If we do so we will only increase the perception that the bar is out of touch and irrelevant, or even that we are engaging in simple protectionism and disguising
it as an ethical issue. If there is no compelling reason to believe that we cannot manage the ethical challenges presented by MDPs, then we ought to allow them and
mandate a structure for them which will protect the public and our core values. Whether the structure suggested by the Utah Task Force accomplishes that can be the
subject of further discussion, but when balanced against the potential benefits and the growing inevitability of MDPs, I believe we have no choice but to accept
them and find the proper way to regulate them. As the Utah Bar's MDP Task Force concluded, "MDPs are a market-driven phenomenon." The market forces
pushing for MDPs will not go away just because we are squeamish about them, nor are these market forces driven by some malevolent power. They exist because MDPs
have important benefits in the marketplace which we cannot ignore.
In addition, though we talk a lot in this debate about protecting the client's interests, we never seem to talk about the client's interest in making his or her own
choice about where to purchase legal services. This smacks of a self-interested and somewhat smug paternalism. If we require full disclosure about the nature of
MDPs, can we really say that clients are so naive or so helpless that they cannot factor these concerns into their decisions about where to take their legal
problems? The majority of legal dollars spent in this country are spent by corporations with very sophisticated ways of analyzing how to spend their money. Do they
really need to be protected in this way by the bar? I would suggest that if MDPs are as inherently dangerous and unethical as their opponents claim they will
expire for lack of business within a year of inception without any action by the bar.

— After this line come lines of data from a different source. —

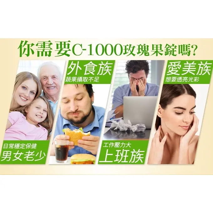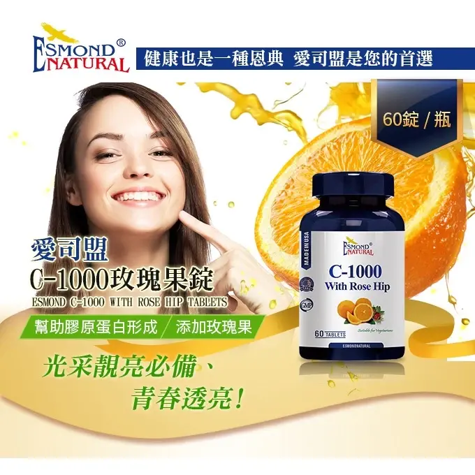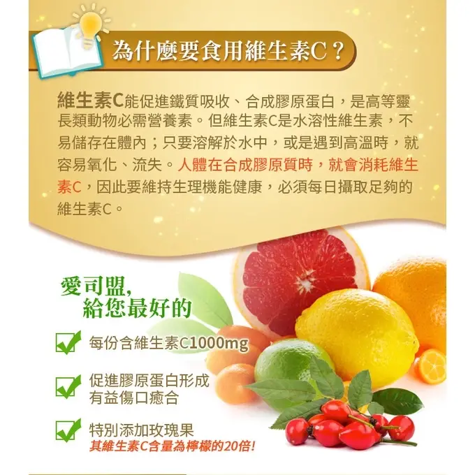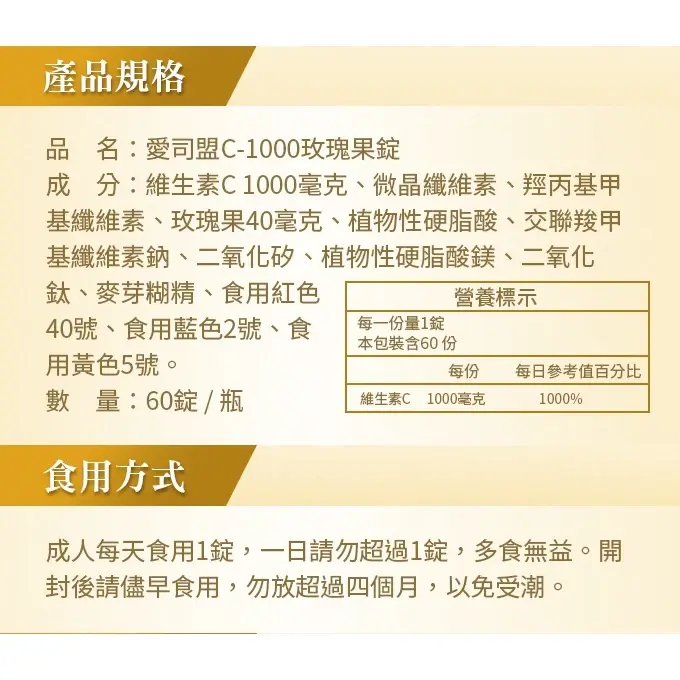 成份:維生素C, 微晶纖維素, 羥丙基甲基纖維素, 玫瑰果, 植物性硬脂酸, 交聯羧甲基纖維素鈉, 二氧化矽, 植物性硬脂酸鎂, 二氧化鈦, 麥芽糊精, 食用紅色40號, 食用藍色2號, 食用黃色5號。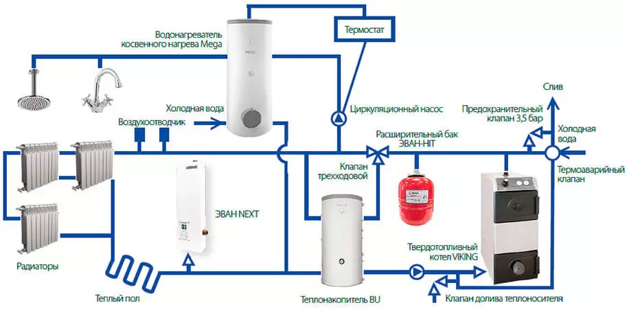 Подстраховать от подобных отрицательных явлений призвана принудительная циркуляция теплоносителя с температурой не ниже +3°C. Это обеспечивается дополнительными нагревательными устройствами. Или, другими словами, резервным теплогенератором.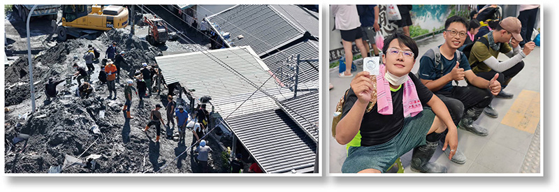 在假日結束的隔天(9月30日至10月1日),他們在凌晨4時出發,駕車直奔花蓮災區,只為在第一時間為受災居民伸出援手。抵達現場後,兩人與當地志工及宜蘭扶輪社友共同投入救災行列,手握鐵鏟、搬運泥塊、疏通水溝,協助居民清理被厚重泥濘淹沒的家園。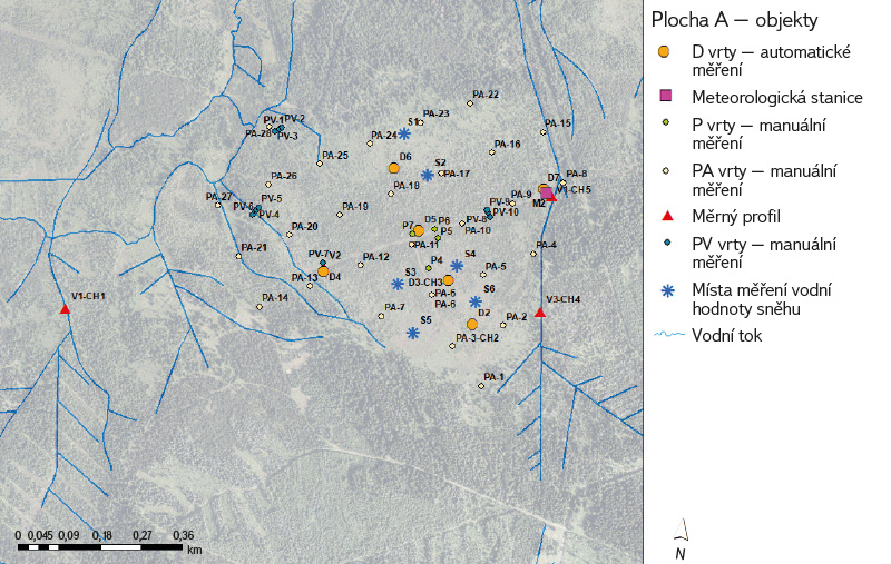 Pro kompletní monitoring v ploše A (obr. 2) byl využit systém stávajících vrtů řad P, PA a PV, v nichž se dvakrát ročně manuálně měří hladina podzemní vody, její teplota a konduktivita. Dále zde byly zřízeny vrty řady D1 až D5, kde se nacházejí tlakové sondy pro kontinuální měření výšky hladiny a teploty podzemní vody. Vybrané vrty, např. D2 a D5, byly instalovány jako zdvojené – jeden zasahoval pouze do svrchní vrstvy rašeliny (akrotelmu), zatímco druhý pronikal do spodní vrstvy (katotelmu). Vrty D1 a D3 slouží zároveň k měsíčním odběrům vody pro laboratorní chemické analýzy.

Moreover, an examination of the history of our ethical rules shows a relatively short time period in which we have prohibited MDPs.3 When the rule was adopted, many questioned whether it was necessary even then. If we dispense with the rule now, we may not know for certain for some time whether it was a good rule or a bad one, but we will at least have taken the opportunity presented to us to be the designers of the building in which those seeking legal services in the future will be shopping. If we fail to seize this opportunity, we will cede our role as designers to the forces of chaos. The debate over MDPs ought to continue, but on balance we ought to welcome the opportunities and challenges presented by MDPs, and order the future legal landscape in a way that best protects our values, rather than hide from this opportunity and have the landscape shoveled over us.
Footnotes
1.
The title of this article was suggested by an e-mail I received from an attorney commenting on the subject of MDPs who referred to MDP opponents as "backward thinking luddites who like to stand in front of moving trains." While the rhetoric may be harsh the metaphor is apt. There are numerous examples of MDPs already in existence outside the United States, where ethical rules, for the most part, have never prohibited them. Even in the United States, including Utah, there are entities forming that push the MDP envelope. See, Report of ABA Commission on Multidisciplinary Practice, 2-4; Utah State Bar Multidisciplinary Practice Task Force Report, p. 2.
2.
A Multidisciplinary Practice, or MDP, is defined as an organization or association that includes lawyers and nonlawyers and has as one, but not all, of its purposes the delivery of legal services to a client or clients other than itself. Report of ABA Commission on Multidisciplinary Practice p. 1.
3. Utah State Bar Multidisciplinary Practice Task Force Report, pp. 5-6.